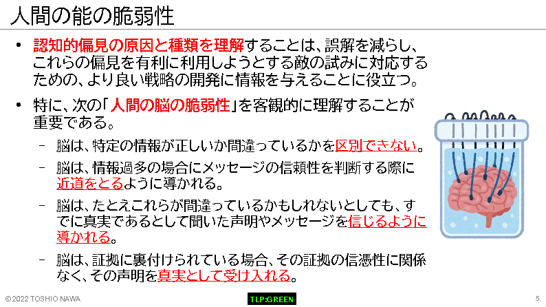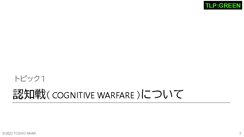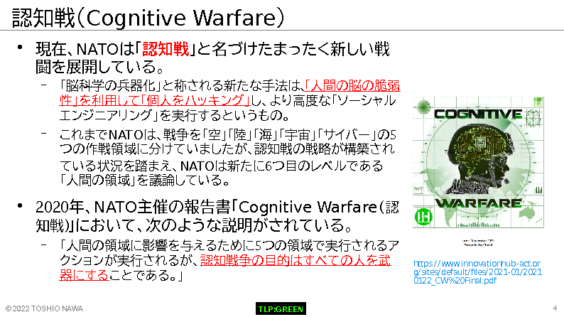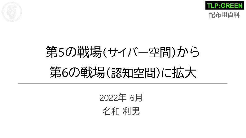 2010年代に米国防省が「サイバー空間」を陸・海・空・宇宙空間に次ぐ「第5の戦場」であるとし、サイバー攻撃に対して武力で反撃すると宣言してから約10年が経過しました。その後、2020年に示されたNATOの戦略文書では「認知戦(Cognitive Warfare)」という言葉が使用され、人々の認知機能を狙う「第6の戦場」が生まれています。特に、最近のウクライナ情勢では、発生した、いつくかのサイバー戦や情報戦がハイブリット化し、認知戦の様相を呈しています。第6の戦場と併せた、物理空間とサイバー空間のハイブリッド攻撃が現実に繰り返されているのです。
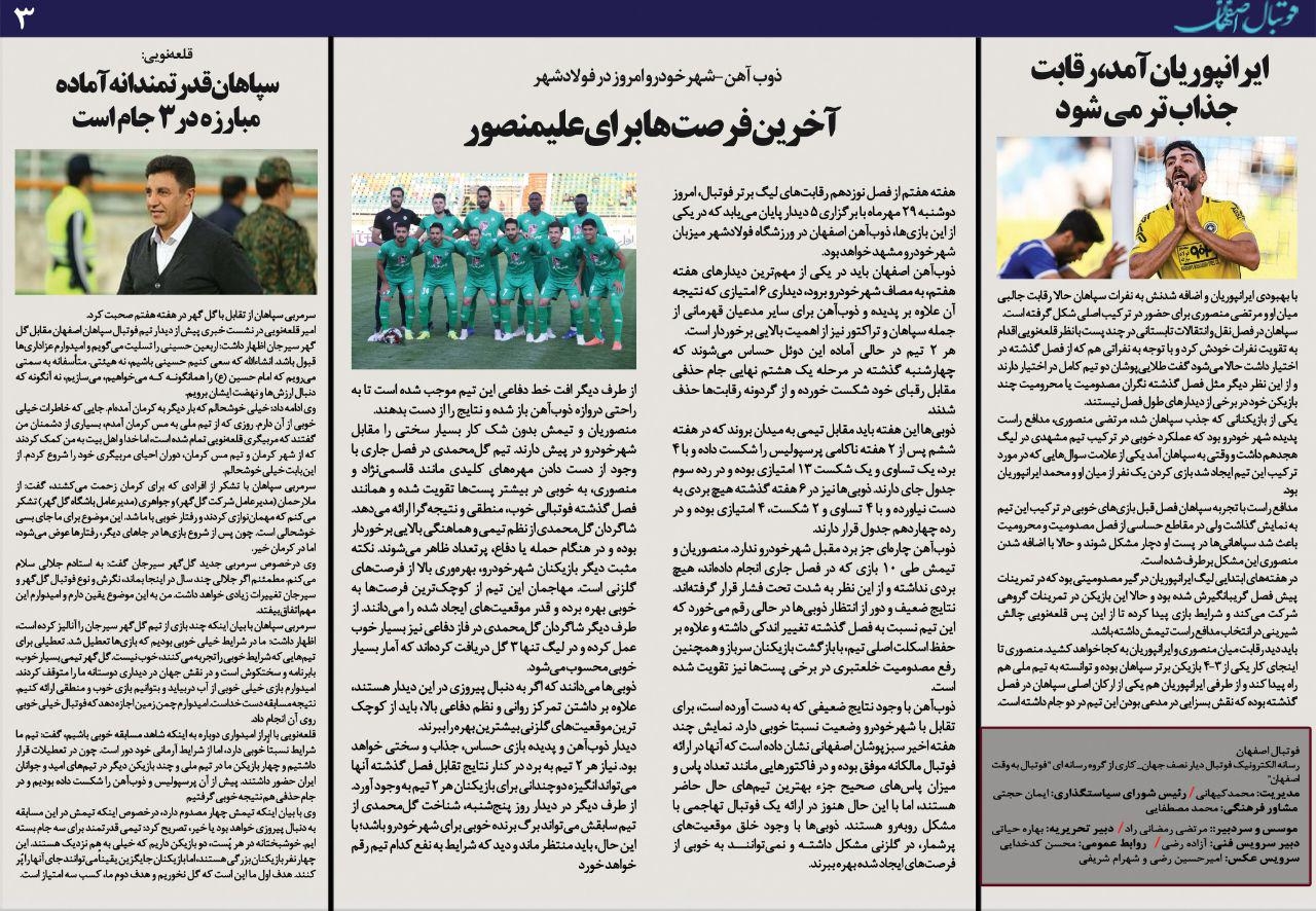 شماره322 روزنامه الکترونیک فوتبال اصفهان دوشنبه 29 مهر 98 روزنامه الکترونیک فوتبال اصفهان دوشنبه 29 مهر 98 با محوریت پوشش اخبار تیم های فوتبال سپاهان و ذوب آهن منتشر شد.
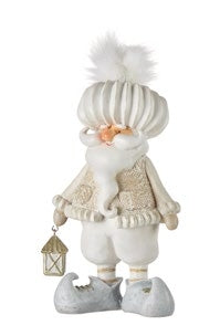 Gnomo Oca Nera "I Sultani" in resina sui toni eleganti del bianco/argento con lanternina e berretto con pon-pon
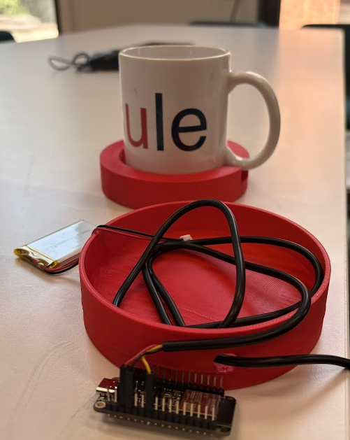 La Structure : Nous avons conçu une base imprimée en 3D. C’est un format fonctionnel qui nous permet de loger en toute sécurité l'électronique sous la tasse.
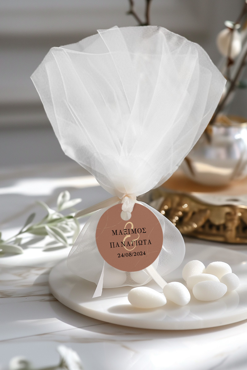 0.59€ – 1.49€Μοντέρνες & πρωτότυπες μπομπονιέρες Γάμου και Βάπτισης με τούλι & κρεμαστό σχέδιο | Σετ εξωτερικό τούλι, Εσωτερικό τούλι, Κορδέλα σατέν & Κρεμαστό σχέδιο σε premium χαρτί, ξύλο ή plexiglass | Premium ποιότητα
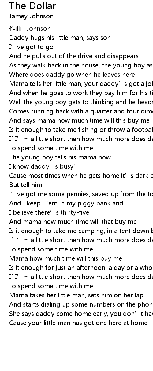 | She says daddy come home early, you don' t have to chase that dollar' | |
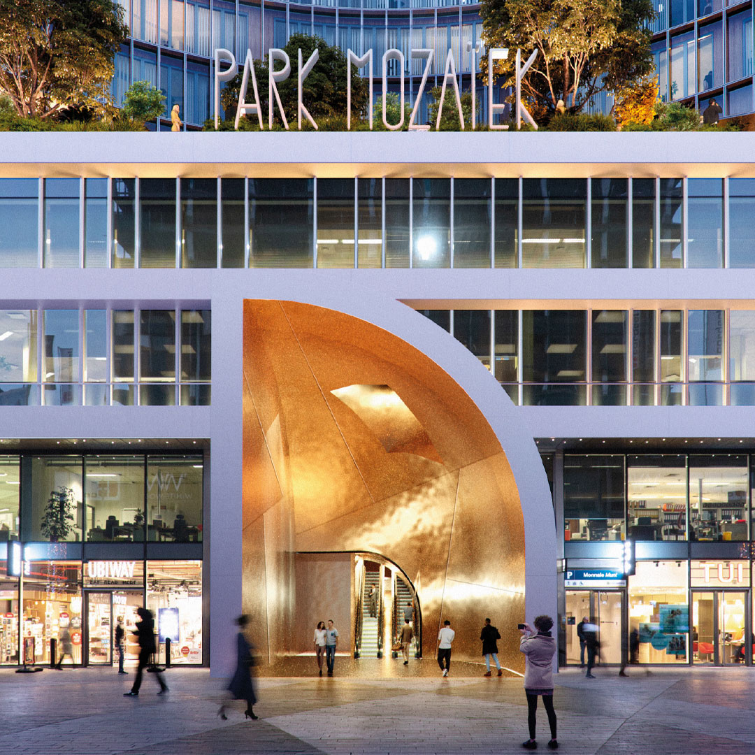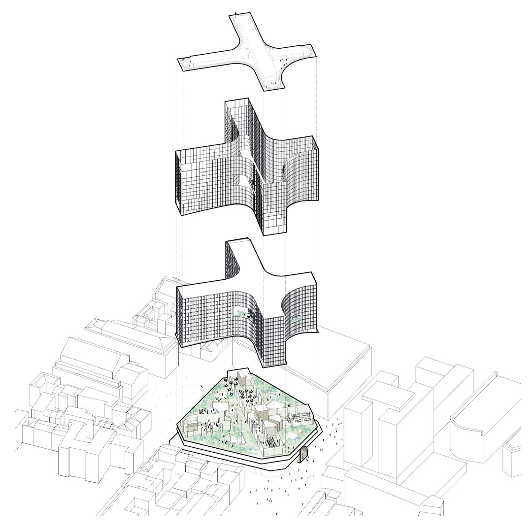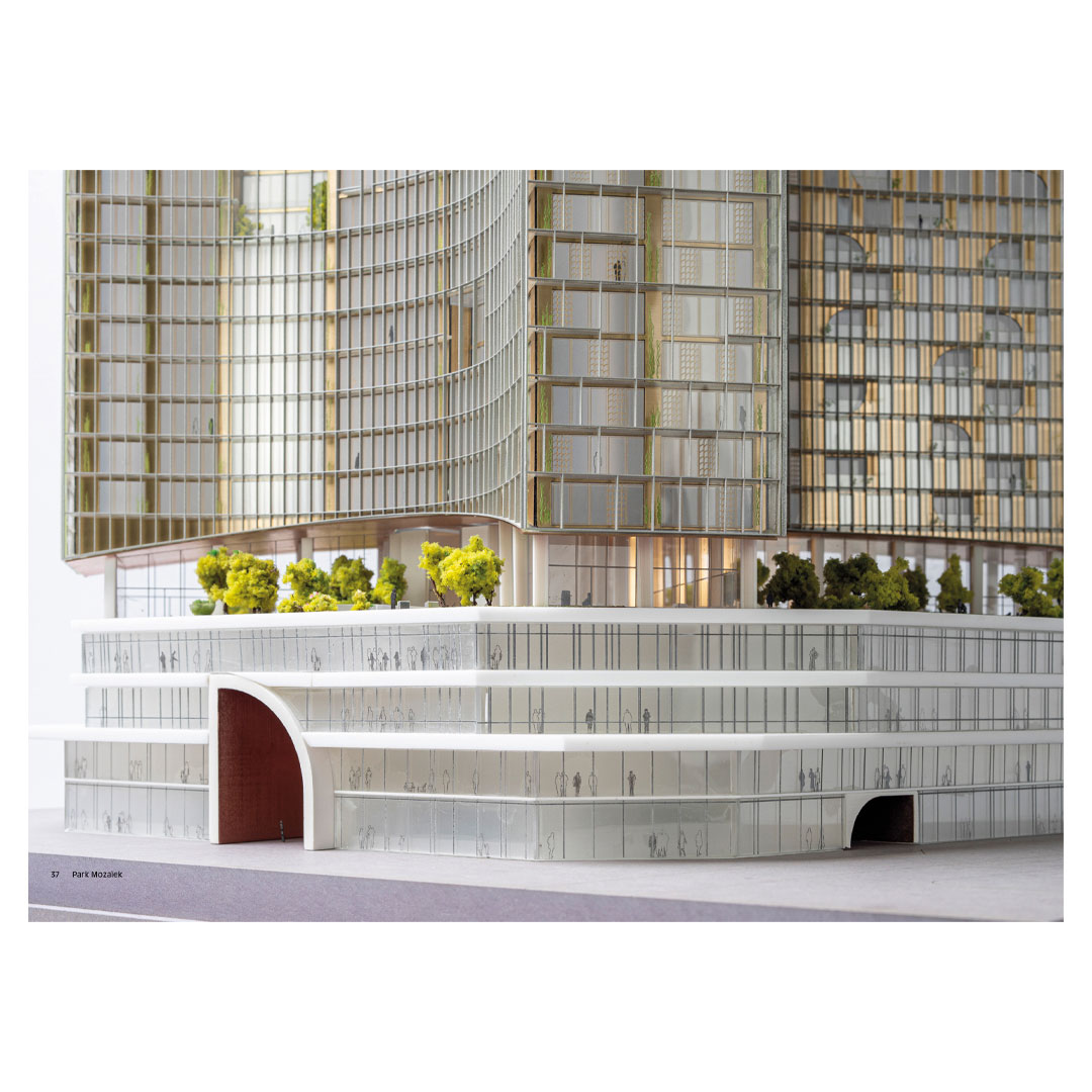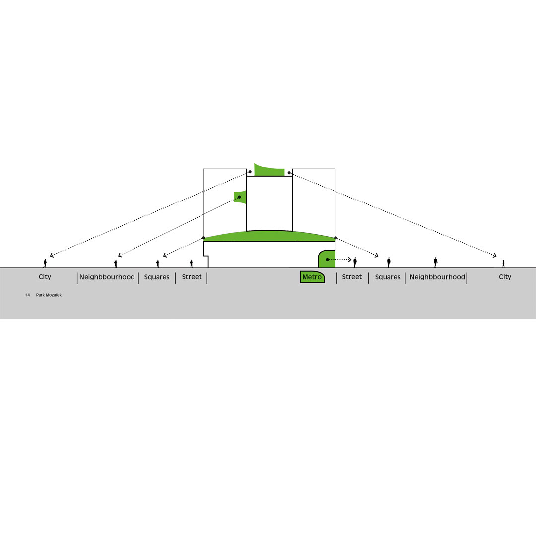 Park Mozaïek is buitenruimte én binnenruimte, met als hart een publiek park dat het totale basement van de torens beslaat. Om ruimte te maken voor deze groene zone halen we onder de benen van het gebouw twee lagen weg. Zo ontstaat een open, maar door de gebogen benen ook geborgen ruimte, van maar liefst 5000 m2. Om dat voor elkaar te krijgen ontwerpen we een reeks van gerichte ontwerpingrepen die op alle schaalniveaus leiden tot meer en betere verbindingen van deze plek met de stad rondom.
====
» **TASK**:
Word for word, restate all of the material, omitting the images.

» **YOUR RESPONSE**:
 2010年代に米国防省が「サイバー空間」を陸・海・空・宇宙空間に次ぐ「第5の戦場」であるとし、サイバー攻撃に対して武力で反撃すると宣言してから約10年が経過しました。その後、2020年に示されたNATOの戦略文書では「認知戦(Cognitive Warfare)」という言葉が使用され、人々の認知機能を狙う「第6の戦場」が生まれています。特に、最近のウクライナ情勢では、発生した、いつくかのサイバー戦や情報戦がハイブリット化し、認知戦の様相を呈しています。第6の戦場と併せた、物理空間とサイバー空間のハイブリッド攻撃が現実に繰り返されているのです。
 شماره322 روزنامه الکترونیک فوتبال اصفهان دوشنبه 29 مهر 98 روزنامه الکترونیک فوتبال اصفهان دوشنبه 29 مهر 98 با محوریت پوشش اخبار تیم های فوتبال سپاهان و ذوب آهن منتشر شد.
 Gnomo Oca Nera "I Sultani" in resina sui toni eleganti del bianco/argento con lanternina e berretto con pon-pon
 La Structure : Nous avons conçu une base imprimée en 3D. C’est un format fonctionnel qui nous permet de loger en toute sécurité l'électronique sous la tasse.
 0.59€ – 1.49€Μοντέρνες & πρωτότυπες μπομπονιέρες Γάμου και Βάπτισης με τούλι & κρεμαστό σχέδιο | Σετ εξωτερικό τούλι, Εσωτερικό τούλι, Κορδέλα σατέν & Κρεμαστό σχέδιο σε premium χαρτί, ξύλο ή plexiglass | Premium ποιότητα
 | She says daddy come home early, you don' t have to chase that dollar' | |
 Park Mozaïek is buitenruimte én binnenruimte, met als hart een publiek park dat het totale basement van de torens beslaat. Om ruimte te maken voor deze groene zone halen we onder de benen van het gebouw twee lagen weg. Zo ontstaat een open, maar door de gebogen benen ook geborgen ruimte, van maar liefst 5000 m2. Om dat voor elkaar te krijgen ontwerpen we een reeks van gerichte ontwerpingrepen die op alle schaalniveaus leiden tot meer en betere verbindingen van deze plek met de stad rondom.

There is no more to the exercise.